In the United States, a Special Edition DVD was released in 2002 by Miramax Home Entertainment. It includes an introduction from Tarantino, an hour-long retrospective interview, a subtitle trivia track, chapter selection, a half-hour "making-of" documentary (How It Went Down), the entire "Chicks Who Love Guns" video as seen in the film, many deleted and alternate scenes including an alternate opening title sequence, Siskel and Ebert's reviews, Jackie Brown appearances on MTV, TV spots and theatrical trailers, written reviews, articles and filmographies, and more than an hour of trailers for Pam Grier and Robert Forster films dating onward from the 1960s. The box also includes a mini-poster of the film, and on the reverse, two other mini-posters of Grier and Forster, both similar to the album cover.
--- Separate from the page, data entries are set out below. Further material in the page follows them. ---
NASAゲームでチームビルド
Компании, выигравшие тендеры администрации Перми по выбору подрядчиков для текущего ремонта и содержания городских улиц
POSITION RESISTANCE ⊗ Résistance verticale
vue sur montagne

Although the Special Edition DVD states that the film is presented in a 2.35:1 aspect ratio, it was actually shot with a 1.85:1 ratio, the only Tarantino-directed film to date shot in the ratio, with the exception of his segment in the film Four Rooms, "The Man from Hollywood". Outside of the US, the film had already been released on DVD prior to 2002. In Australia (Region 4) it was released on DVD on June 17, 1999 by Roadshow Entertainment, who had an Australian distribution agreement with Miramax at the time. Roadshow Entertainment had also handled the film's theatrical release in the country.
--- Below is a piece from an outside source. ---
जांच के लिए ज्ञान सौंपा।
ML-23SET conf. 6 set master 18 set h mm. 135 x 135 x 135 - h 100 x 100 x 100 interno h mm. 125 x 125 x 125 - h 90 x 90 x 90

In 2010, Disney sold Miramax to Filmyard Holdings, with the latter company being a private equity consortium involving firms such as Colony Capital and Tutor-Saliba Corporation. Filmyard Holdings temporarily sublicensed the home media rights for much of Miramax's catalog to Lionsgate. On October 4, 2011, Lionsgate Home Entertainment released Jackie Brown on Blu-ray alongside Pulp Fiction. The film is presented in 1080p high definition in its original 1.85:1 aspect ratio with a DTS-HD Master Audio 5.1 soundtrack. In the 2010s, Filmyard/Lionsgate removed the 1987-1998 Miramax logo from many reissue prints for Miramax films, replacing it with the later Miramax opening logo, which features the New York City skyline. This was the case with Jackie Brown, one of the last films to feature the 1987 Miramax opening logo.
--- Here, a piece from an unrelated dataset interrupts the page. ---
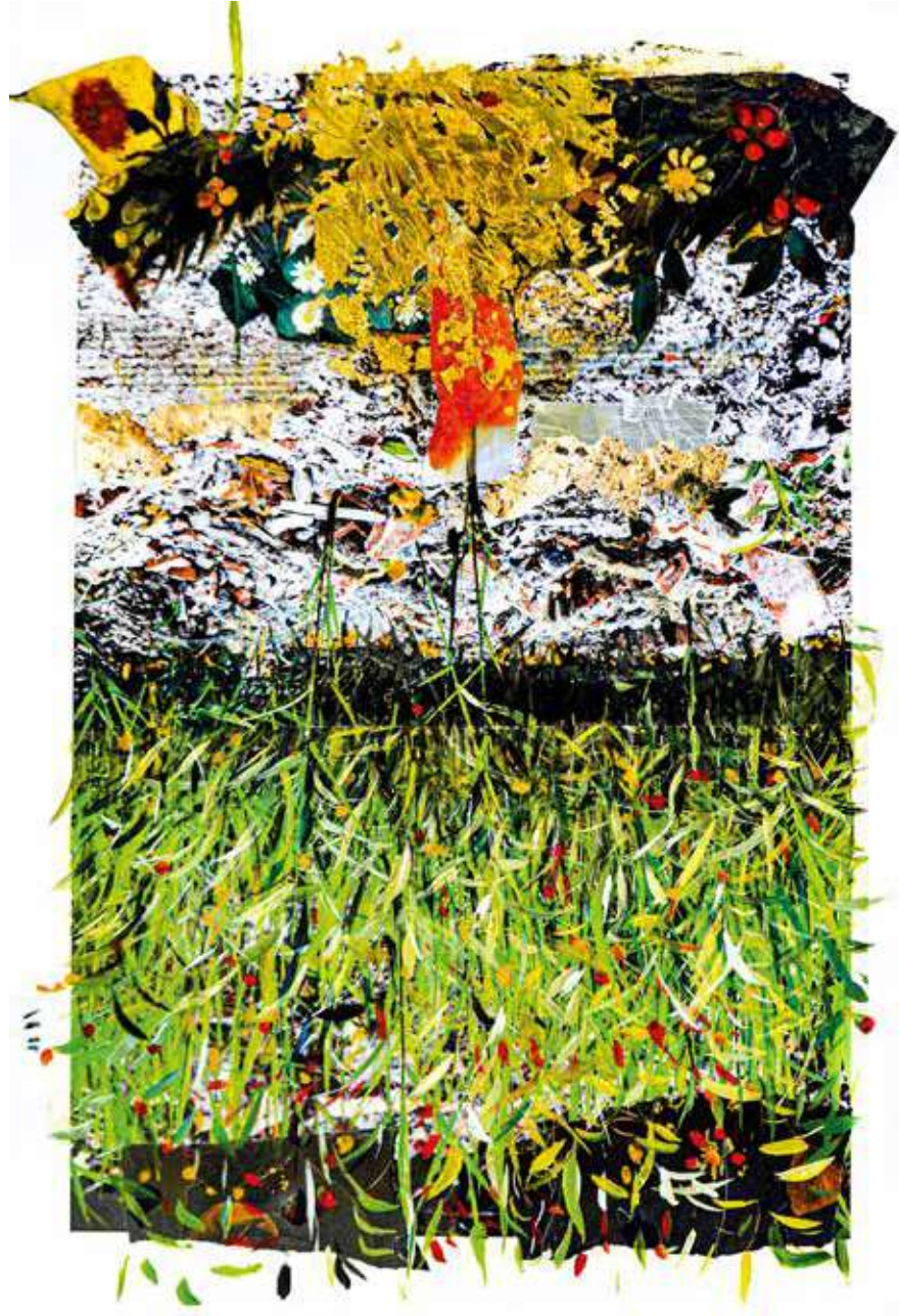
Penso ai fiori d'oro. 50x70 cm 2023. Stampa fotografica incollata su cartone, acrilico, pastelli a olio su pellicola e foglia oro.

Filmyard Holdings sold Miramax to Qatari state-owned company beIN Media Group in March 2016. In April 2020, ViacomCBS (now known as Paramount Skydance) bought a 49% stake in Miramax from beIN, which gave them the rights to Miramax's 700 film library. The film was subsequently reissued on Blu-ray and DVD by Paramount Pictures Home Entertainment on September 22, 2020, with this being one of many Miramax films reissued on DVD/Blu-ray by Paramount around this time.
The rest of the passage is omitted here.